Die Deutsche Forschungsgemeinschaft hat im Mai 2006 die Einrichtung eines „Wissenschaftlichen Netzwerkes“ mit dem Projekttitel „Glieder des Papstleibes oder Nachfolger der Apostel? Die Kardinäle des Mittelalters (11. Jahrhundert – ca. 1500)“ bewilligt. Als Antragsteller fungierten Dr. Jürgen Dendorfer von der LMU München und Dr. Ralf Lützelschwab vom Friedrich-Meinecke-Institut der FU Berlin. Das Netzwerk, das aus einem festen Stamm von zwölf Mitgliedern – junge Wissenschaftler und bereits arrivierte Professoren - besteht, wird während eines Zeitraums von drei Jahren zwei Mal jährlich zu Arbeitstreffen, abwechselnd in München und Berlin, zusammenkommen. Beteiligt sind Forscher aus Europa und den USA.
Ziel des Netzwerks ist es, in interdisziplinärem Zugriff die aktuellen Forschungen zum mittelalterlichen Kardinalat zu bündeln, um am Ende des Bewilligungszeitraums ein „Handbuch des Kardinalats im Mittelalter“ vorlegen zu können.
Die Kardinäle sind die höchsten katholischen Würdenträger nach dem Papst. Was man über sie zu wissen glaubt, ist jedoch nicht unbedingt deckungsgleich mit dem, was man tatsächlich weiß.
Im 11. Jahrhundert erlangten Teile des römischen Klerus an der Seite des sich erneuernden Papsttums weit über Rom hinaus Macht und Bedeutung. Seither standen sie als Kardinäle dem Papst beratend zur Seite und unterstützten ihn bei der Regierung der Kirche. Außerhalb Roms repräsentierten sie die Kirche. Die Kardinäle, die sich mehr und mehr als Kollegium verstanden, entwickelten Ansprüche auf Teilhabe an der päpstlichen Herrschaft – fußend auf ihrem Recht der Papstwahl und Formen einvernehmlicher Entscheidung. So erschien die Monarchie des Papstes mitunter als Oligarchie der Kardinäle.

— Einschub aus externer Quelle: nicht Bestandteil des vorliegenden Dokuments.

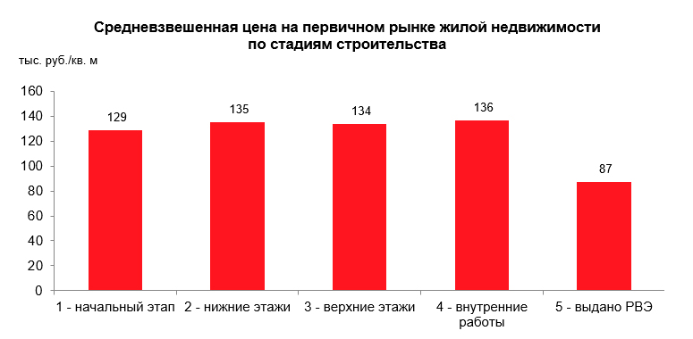 Снижение цены произошло только в сданных корпусах (со 114 до 87 тыс. руб./кв. м), что обусловлено структурой предложения: 80% предложения такого формата располагается в ТАО и лишь 20% в НАО. Самыми дорогими стали новостройки, которые находятся на этапе внутренних работ – средняя стоимость составляет 136 тыс. руб./кв. м.

Da zeitübergreifende und vergleichende Studien fehlen, lässt der derzeitige Forschungsstand tragfähige Aussagen über die Bedeutung des Kardinalkollegiums nicht zu. Trotz seiner zentralen Stellung in der Geschichte des Papsttums und der Kirche lässt sich die Bedeutung dieser Institution in den ersten Jahrhunderten ihres Bestehens nur erahnen. Erstes Ergebnis des bewilligten DFG-Netzwerks wird ein Sammelband sein, der den Forschungsstand bilanziert und Wege künftiger Forschung aufzeigt. Auf dieser Grundlage erarbeitet das Projekt neue Forschungsfragen, deren Ergebnisse einer großen internationalen Forschergemeinde auf einer Tagung präsentiert werden.

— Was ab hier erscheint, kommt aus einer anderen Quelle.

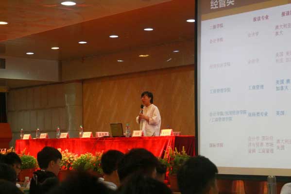 专题会为新生介绍了我校与10个国家25所国外大学建立了40多项联合培养合作关系的布局,我校制定的有关国际教育合作的各项规章制度,我校为学生提供的各项国际教育的服务及其“出国留学奖学金”。
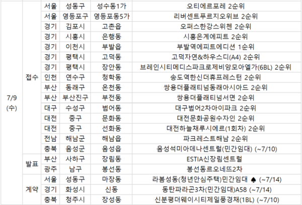 이날 부산 사하구 'ESTIA신장림센트럴'과 광주 남구 '봉선동르오네뜨2차'의 당첨자 발표도 이뤄진다.
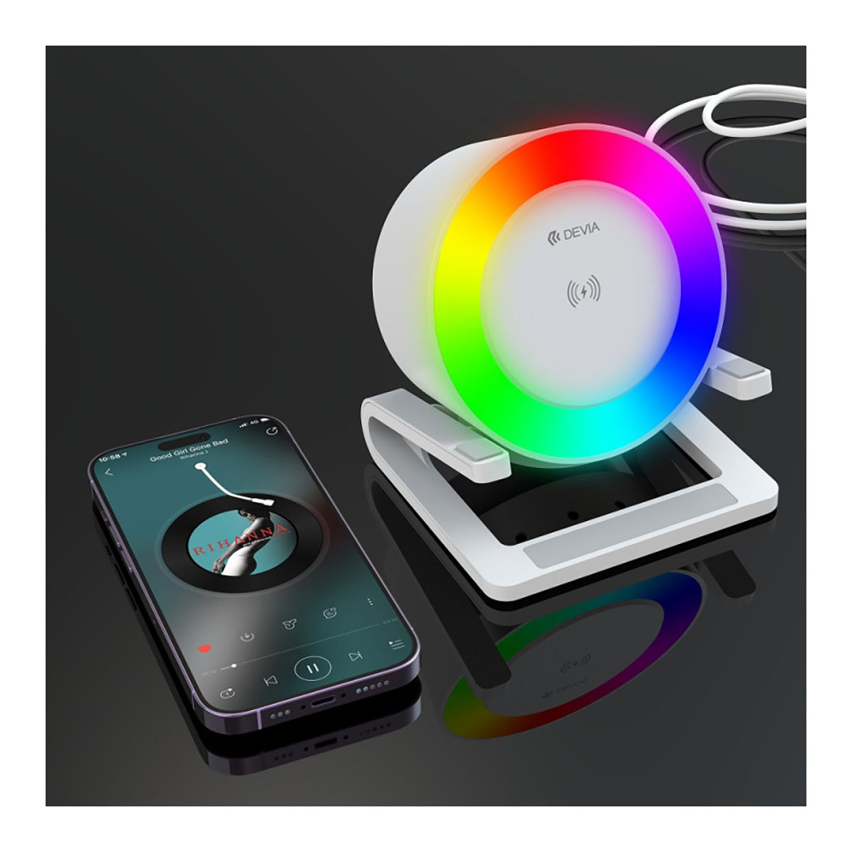 Devia-pöytäkaiuttimessa yhdistyvät 5 W:n Bluetooth-kaiutin, 15 W:n langaton latausasema ja RGB-valaistuksella varustettu yövalo. Se sopii erinomaisesti työpöydälle tai yöpöydälle ja tarjoaa selkeän äänen, nopean latauksen ja mukautettavan valaistuksen.

Feierlich eröffnet wird das Historiker-Netzwerk am 9. November 2006 um 19.30 Uhr im Historicum der LMU, Schellingstr. 12, Raum 001. Professor Werner Maleczek (Wien) wird einen öffentlichen Abendvortrag über „Die Brüder des Papstes. Kardinäle und Schriftgut der Kardinäle“ halten.